Chambre criminelle de la Cour de cassation du 4 janvier 1986 (no pourvoi 84-90440), usage d’un refractomètre automatisé par un opticien-lunetier : exercice illégal de la médecine. L’abrogation d’une partie de l’arrêté de 1962 pourrait rendre obsolète cette jurisprudence. Tout dépend de l’usage fait de cet appareil.

Chambre criminelle de la Cour de cassation du 17 janvier 1984 (no pourvoi 82-93067).

Concernant la décision de la chambre criminelle de la Cour de cassation du 23 octobre 1996 (no pourvoi 95-83393), seule favorable aux opticiens-lunetiers optométristes, confirmant la relaxe et le non exercice illégal de la médecine, elle est fondée sur le fait que dans un cas, les lunettes n’avaient pas été délivrées et que dans l’autre, l’enquête de gendarmerie a révélé qu’une ordonnance avait en fait servie à la délivrance des lunettes. Concernant les exercices visuels : « l’indication de tels exercices faisant appel à des techniques d’apprentissage avec pour objectif l’éducation et l’hygiène visuelles, ne saurait être assimilée en l’espèce, à la prescription d’une gymnastique médicale consécutive à l’établissement d’un diagnostic, dans la mesure où, au cas d’espèce et sans contrevenir en aucune façon aux diagnostics et prescriptions médicaux déjà établis, les deux opticiens prévenus ont seulement conseillé les exercices fonctionnels litigieux sur la seule appréciation subjective des caractéristiques physiologiques de la vision sans interférer avec l’appréciation d’une pathologie relevant de l’art médical et les moyens d’y obvier; que de tels faits sont exclusifs du délit incriminé et que, par suite, le syndicat demandeur [Syndicat national des ophtalmologistes de France, ndr] doit être déclaré irrecevable en sa constitution de partie civile ». Ce cas d’espèce ne remet pas en cause la jurisprudence de 1990 déjà citée qui affirme « Attendu que pour décider que le fait d’avoir prescrit des rééducations oculaires est un acte médical, les juges énoncent que le prévenu a conseillé à ses clients et pratiqué sur eux, pour améliorer leur fonction visuelle, des entraînements visuo-moteurs lesquels constituent une gymnastique corrective et donc médicale, qui, en vertu de l’article 4.22° de l’arrêté du 6 janvier 1962, ne peut être exécutée que sur prescription qualitative et quantitative d’un médecin ». Il est intéressant de noter que la Cour de cassation en 1996 réaffirme le délit d’exercice illégal de la médecine lorsqu’un opticien-lunetier prescrit et délivre des lentilles de contact sans ordonnance médicale reprenant en cela les jurisprudence de 1981 et de 1990.
La jurisprudence de 1996 ne remet donc nullement en question les jurisprudences antérieures.

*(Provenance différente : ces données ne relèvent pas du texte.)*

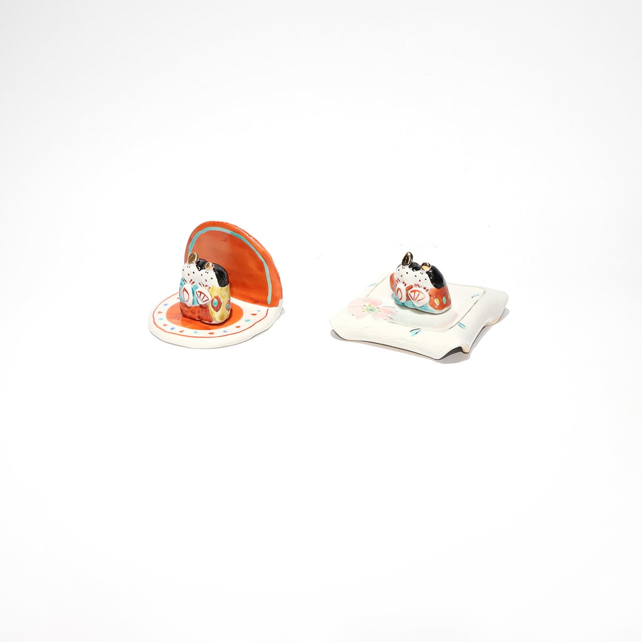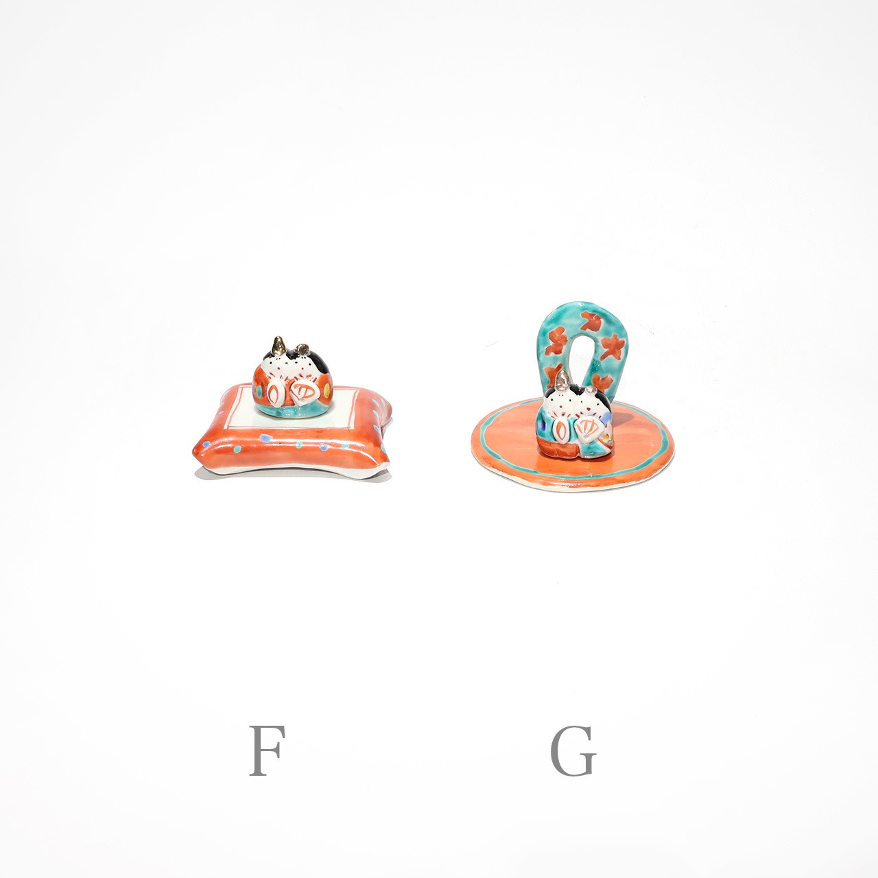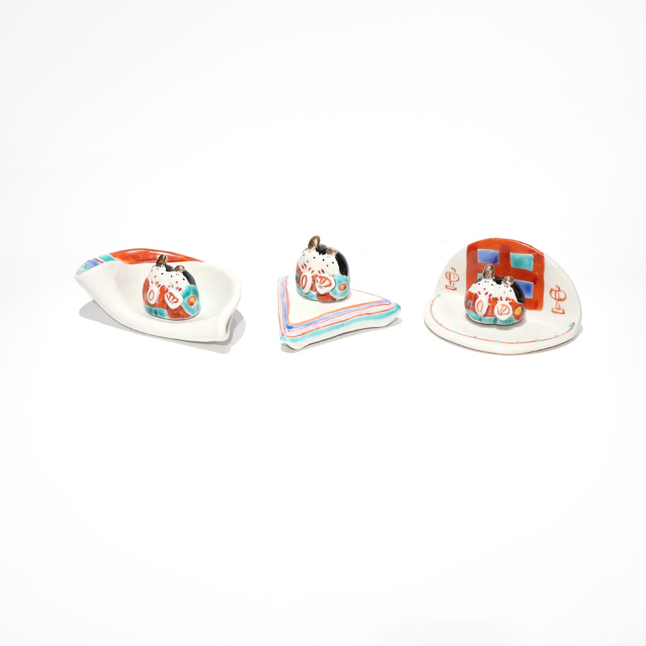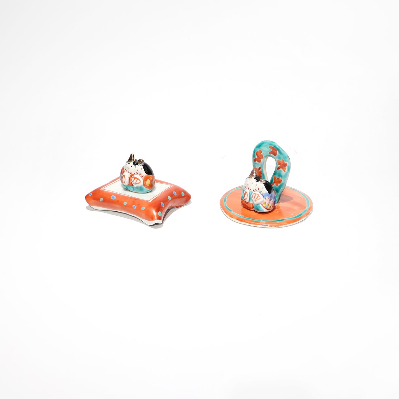 小さな手のひらサイズのお雛様。なんともゆるい表情や華やかなお色味が可愛らしいです。

Nous attirons l’attention du lecteur non juriste sur le fait que, dans une décision, la Cour de cassation présente les arguments des parties avant de se prononcer elle-même. La confusion rencontrée dans certaines publications vient de certains auteurs présentant les arguments des parties comme s’ils étaient ceux de la Cour de cassation, alors même que cette dernière les a rejetés.

Les évolutions législatives de fin 2006 et début 2007, concernant la possibilité pour l’opticien de renouveller les lunettes d’un patient suivant des conditions très strictes (qui sont loin d’être respectées si l’on en croit les informations dont nous disposons sur le sujet), ne modifient en rien les données jurisprudentielles ci-dessus. Gageons que les juges sauront faire triompher l’intérêt de la santé du patient, comme ils ont toujours su le faire jusque-là.